*Dataset section*:

● ● ●

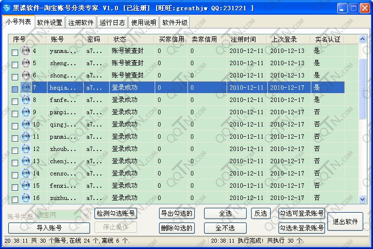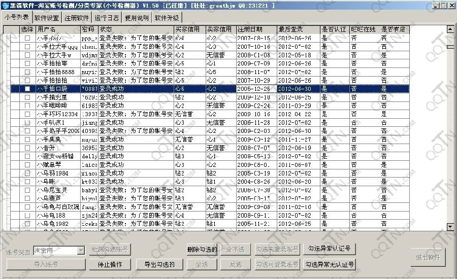 1、超高速批量检测您小号的状态/信用/注册时间/最后登录时间/是否经实名认证
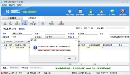 一、保存時(shí)提示“收款金額+優(yōu)惠金額大于本次結(jié)銷金額合計(jì)”,無法保存。如下圖所示:
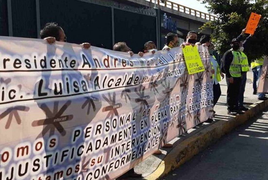 Los trabajadores despedidos se manifiestan con mantas y pancartas en la banqueta del circuito interior sin afectar el tránsito de vehículos

● ● ●

*Task item*:
Without altering anything, output all the lines above but none of the images.

*Result for this task*:
 1、超高速批量检测您小号的状态/信用/注册时间/最后登录时间/是否经实名认证
 一、保存時(shí)提示“收款金額+優(yōu)惠金額大于本次結(jié)銷金額合計(jì)”,無法保存。如下圖所示:
 Los trabajadores despedidos se manifiestan con mantas y pancartas en la banqueta del circuito interior sin afectar el tránsito de vehículos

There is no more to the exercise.